8 weeks on fruit- and vegetable-rich diets tied to better heart health


8 weeks on fruit- and vegetable-rich diets tied to better heart health


A study has examined the links between heart health and three types of diet: the DASH diet, a different fruit and vegetable rich diet, and a typical Western diet. They came to the conclusion that diets containing a lot of fruit and vegetables are associated with better heart health.

The findings were published in the Annals of Internal Medicine, and further add to evidence that fruit and vegetable rich diets may be important in maintaining good cardiovascular health.

Data was drawn from the Dietary Approaches to Stop Hypertension (DASH) trial, in which the effects of a specially designed diet on blood pressure were examined, in comparison with other types of diet.

The DASH diet was developed by nutritionists affiliated with the National Institutes of Health (NIH). Overall, the diet encourages the intake of fruits, vegetables, whole grains, low-fat dairy products, poultry, fish, nuts, and beans, while discouraging the intake of red meats and fatty, sugary, or salty foods.


Studying the effects of diet on heart health


During the current research, the team compared the effects of three different types of diet on markers of heart health. The diets used were the DASH diet, a different diet rich in fruits and vegetables, and “a typical American diet”.

The American diet reflected diets reported by the average U.S. adult.

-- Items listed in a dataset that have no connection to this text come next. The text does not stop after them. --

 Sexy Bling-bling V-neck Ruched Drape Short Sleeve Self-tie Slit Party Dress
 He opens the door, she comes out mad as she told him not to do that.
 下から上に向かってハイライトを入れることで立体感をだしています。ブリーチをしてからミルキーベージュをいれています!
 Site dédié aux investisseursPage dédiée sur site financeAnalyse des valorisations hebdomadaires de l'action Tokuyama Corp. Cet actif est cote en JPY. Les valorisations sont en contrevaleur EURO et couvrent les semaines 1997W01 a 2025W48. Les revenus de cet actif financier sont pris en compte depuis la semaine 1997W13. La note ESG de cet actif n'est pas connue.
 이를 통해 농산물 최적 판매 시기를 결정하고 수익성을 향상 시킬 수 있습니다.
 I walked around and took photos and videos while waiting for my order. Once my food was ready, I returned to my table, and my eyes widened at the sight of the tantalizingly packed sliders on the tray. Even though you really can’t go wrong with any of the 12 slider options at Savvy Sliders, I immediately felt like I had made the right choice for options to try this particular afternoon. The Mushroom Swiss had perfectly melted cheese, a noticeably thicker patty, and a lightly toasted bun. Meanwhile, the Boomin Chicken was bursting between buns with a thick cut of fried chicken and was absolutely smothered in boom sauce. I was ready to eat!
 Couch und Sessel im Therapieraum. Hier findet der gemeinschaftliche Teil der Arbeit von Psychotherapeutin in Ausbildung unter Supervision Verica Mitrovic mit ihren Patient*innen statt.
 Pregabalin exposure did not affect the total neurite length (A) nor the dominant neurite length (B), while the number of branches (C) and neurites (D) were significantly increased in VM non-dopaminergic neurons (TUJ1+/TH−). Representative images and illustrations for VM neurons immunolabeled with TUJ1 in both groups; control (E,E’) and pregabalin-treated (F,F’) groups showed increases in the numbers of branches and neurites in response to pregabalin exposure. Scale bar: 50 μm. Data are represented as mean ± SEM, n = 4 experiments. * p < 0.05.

The diet rich in fruit and vegetables was quite similar, but contained more natural fibre, and fewer snacks and sweets.

Data was examined from three randomly assigned groups of participants from the DASH trials. There was a total of 326 participants, and each had followed one of the three diets for a period of 8 weeks.

The mean age of the participants was 45.2 years, and none had pre-existing cardiovascular conditions.

Three biomarkers of heart health were exampled by collecting and analysing samples of serum from the participants.

Two serum samples were collected – first, after a 12-hour fast prior to beginning their assigned diet, and again at the end of the 8-week study period.



Fruit and vegetable intake may be key


The serum biomarkers assessed by the research were: high-sensitivity cardiac troponin I, N-terminal pro-B-type natriuretic peptide, and high-sensitivity C-reactive protein.

Troponin helps to regulate the contractions of the heart muscle, with overly high levels of the protein indicating damage to the heart. High levels of C-reactive protein may indicate inflammation, while very high levels of pro-B-type natriuretic peptide are a sign of heart failure.

The team discovered that people who had followed either the DASH diet or other fruit and vegetable rich diet had significantly lower concentrations of troponin and pro-B-type natriuretic peptide than the group who had followed the typical American diet.

The researchers suggest that this is an indicator of better heart health in those two groups – levels of the two biomarkers did not differ among the groups who had followed either of the plant-rich diets.

C-reactive protein levels were not affected by any of the three diets.

The authors came to the following conclusion:

“Our study suggests that dietary features common to both the DASH and fruit-and-vegetable diets, including but not limited to higher potassium, magnesium, and fiber content, may be causative factors.”

They do caution, however, that “Further research is needed to confirm whether similar diets can improve cardiac function in adults with established heart failure.”